On Romanticism in Slavic Literature

On Romanticism in Slavic Literature

On Romanticism in Slavic Literature

Excerpt

It is not difficult to notice that all Russian poem devoted to waterfalls and mountain streams display a considerable unity of vocabulary. However, the repetition of words and of images connected with them divides the vocabulary of waterfall poems into two groups. To the first belong visual, coloristic designations: diamonds- almazy (or almaznyj) in Deržavin, Kapnist, BestuževMarlinskij; pearls-žemčug in Deržavin, Kapnist, Vjazemskij, N. Bobriščev-Puškin, Glinka; other precious stones in Deržavin, Kapnist, Marlinskij; silver-serebro in Deržavin, Glinka, Poželaev; rainbow-raduga in Kapnist and Bestužev-Marlinskij. Other poets pay no attention to bright colors--which are undoubtedly really the most characteristic feature of the waterfall image. In certain poets we find non-coloristic visual images: foam- pena , smoke- dym , cloud- oblako (i.e., little splashes of water).

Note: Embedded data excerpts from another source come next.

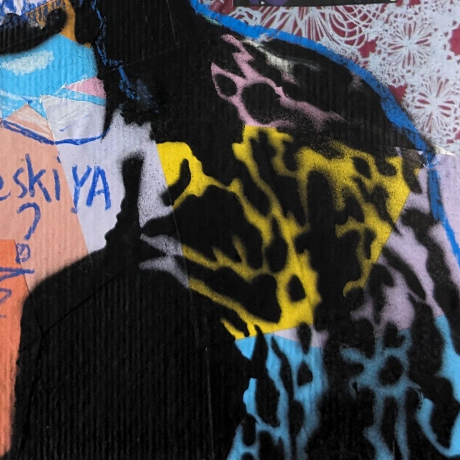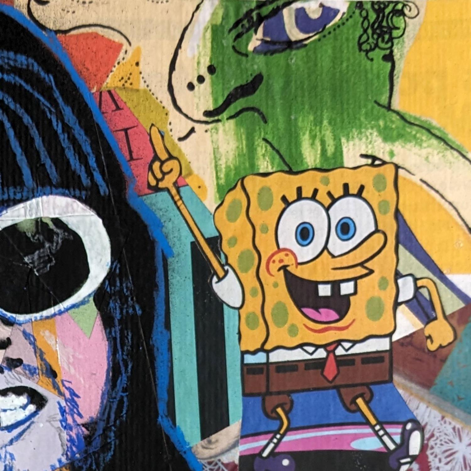 L'artiste a utilisé du collage, des crayons et de l'encre acrylique pour créer cette peinture petit format sur Papier de style Pop-art sur le thème Icones Pop.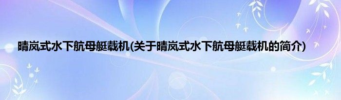 大家好,晴岚式水下航母艇载机,关于晴岚式水下航母艇载机的简介很多人还不知道,现在让我们一起来看看吧!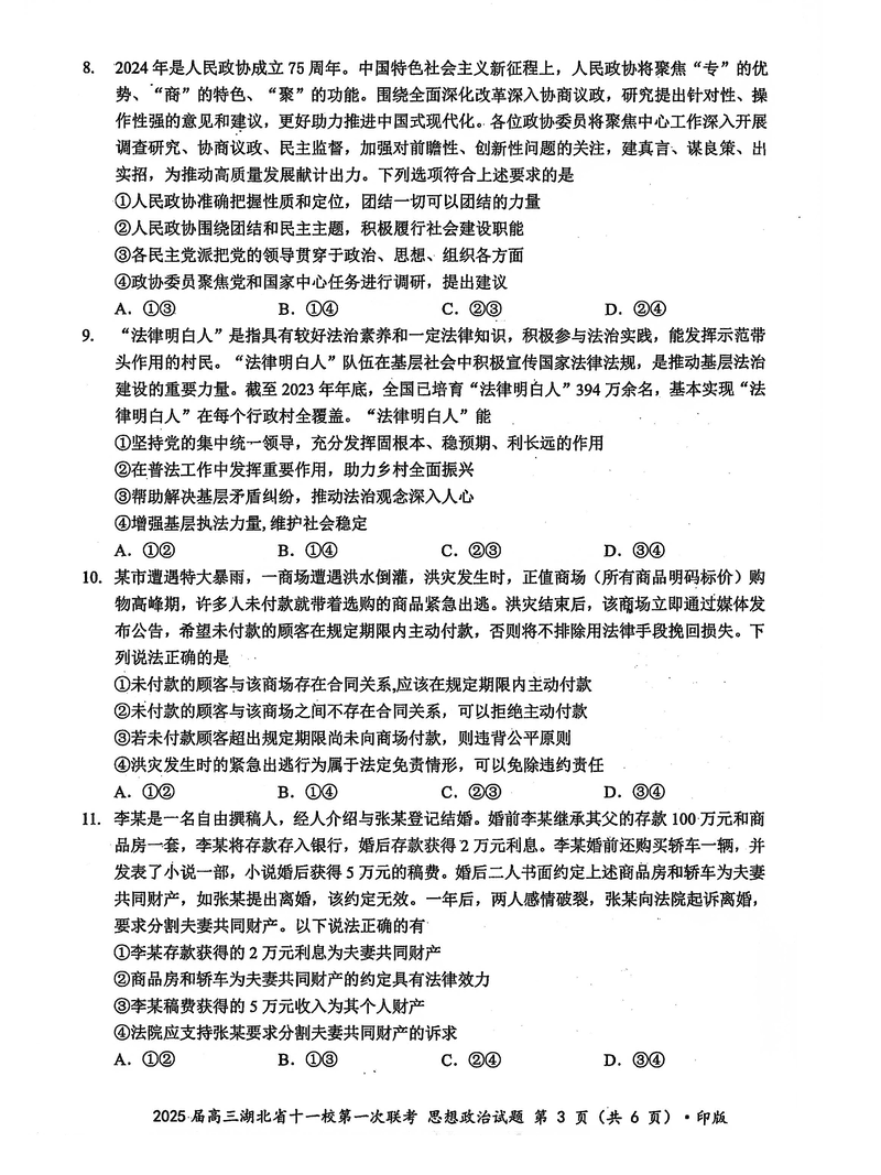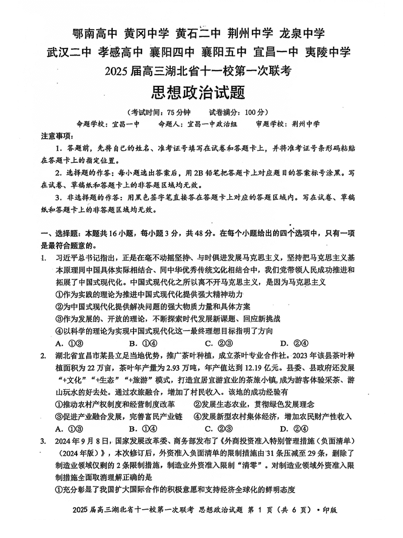 湖北十一校2025届高三12月第一次联考政治试题及答案

On the other hand, the poets almost without exception mention the "roar", "thunder", "howl" (rev, grom, voj) of waterfalls and mountain torrents. In particular, Deržavin's address to the waterfall: "Sound, sound" (Šumi, šumi) is repeated by Boratynskij, Poležaev, and V. Raevskij, varied in Marlinskij's address to the Šebutuj: "Groan, sound" (Stenaj, šumi), and simplified be Kjuchel'- beker to " Sound, Argun '" (Šumi že, o Argun'). We meet different appeals to the waterfall in Vjazemskij: "Rush with implacable anger" (Nesis's neukrotimym gnevom) and Glinka: "Kivač! Kivač!

. . . Answer . . ." (Kivač Kivač! . . . Otvetstvuj . . .).

In the Russian romantic poets we find a whole complex of words, known to us from Russian romantic poetry and connected . . .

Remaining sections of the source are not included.